In some embodiments, a branch 336a (as shown in FIG. 7) may also be arranged on the decoupling transmission line 33a. The branch 336a may be arranged on the third segment 333a to adjust transmission characteristics of the decoupling networks.

A length of the second transmission line 32a may be ¾λ. In the embodiment shown in FIG. 7, a pattern may be formed by the second transmission line 32a on the layer where the decoupling transmission line 33 is located, where the second transmission line 32a is bent or curved towards a direction away from the decoupling transmission line 33.

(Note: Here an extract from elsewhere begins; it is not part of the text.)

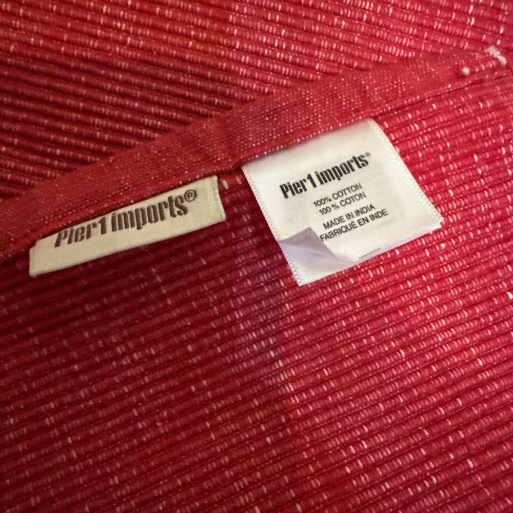 Add a touch of sophistication to your dining table with this set of 4 Pier One Imports placemats. These rectangular placemats are made of 100% cotton and feature a beautiful pintuck pattern in a vibrant red color. Perfect for any occasion, whether it be a Christmas dinner or a multipurpose gathering, these placemats are sure to impress your guests. Crafted with care and attention to detail, these placemats are machine washable for easy maintenance. The set includes 4 placemats, making it ideal for larger gatherings or everyday use. Upgrade your dining experience with these stylish and functional placemats from Pier One Imports.
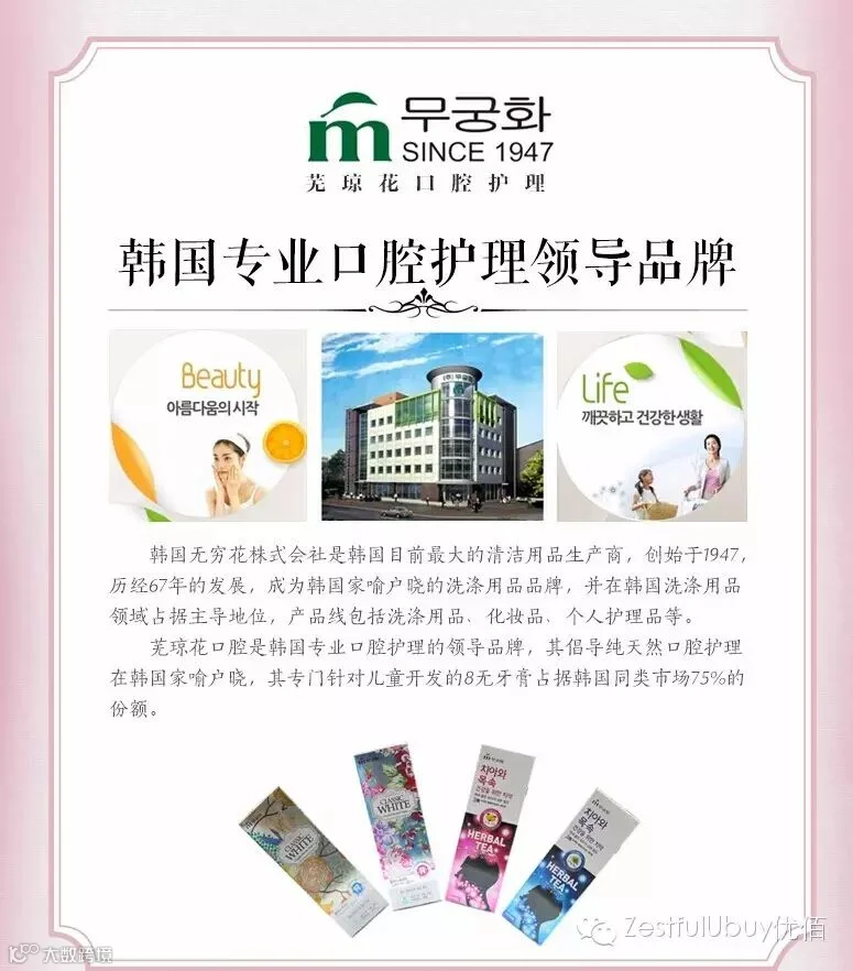 琼花,是无穷花株式会社的旗下口腔护理品牌,品牌创立于1947年。其产品主要包括成人牙膏系列、儿童牙膏系列、牙刷系列等。

The antenna unit 10a and the antenna unit 20a, the first decoupling network 30 and the second decoupling network 30′, and the decoupling transmission line 33 are described in the above. However, it is easy to understand that the antenna unit 20a and the antenna unit 10b may be configured with the decoupling structure of the present disclosure. Alternatively, the antenna unit 10b and the antenna unit 20b may also be configured with the decoupling structure of the present disclosure (as shown in FIG. 7). For example, a third decoupling network 35, a fourth decoupling network 35′, and a decoupling transmission line 33a′ connected between the third decoupling network 35 and the fourth decoupling network 35′ may be arranged for the antenna unit 10b and the antenna unit 20a′. The third decoupling network 35 may be the same as or similar to the first decoupling network 30 described above, and the fourth decoupling network 35′ may be the same as or similar to the second decoupling network 30′ described above. The third decoupling transmission line 33a′ may be the same as or similar to the decoupling transmission line 33a described above.

When more than three antenna units are adopted as shown in FIG. 7, the decoupling networks and the decoupling transmission lines may also be distributed in different layers. For example, the first decoupling network 30, the second decoupling network 30′, and the decoupling transmission line 33a connected between the first decoupling network 30 and the second decoupling network 30′ may be distributed in the layer where the fifth metal layer 666 is located as shown in FIG. 8. The third decoupling network 35, the fourth decoupling networks 35′, and the decoupling transmission lines 33a′ connected between the third decoupling network 35 and the fourth decoupling networks 35 may be distributed in the layer where the sixth metal layer 667 is located as shown in FIG. 8.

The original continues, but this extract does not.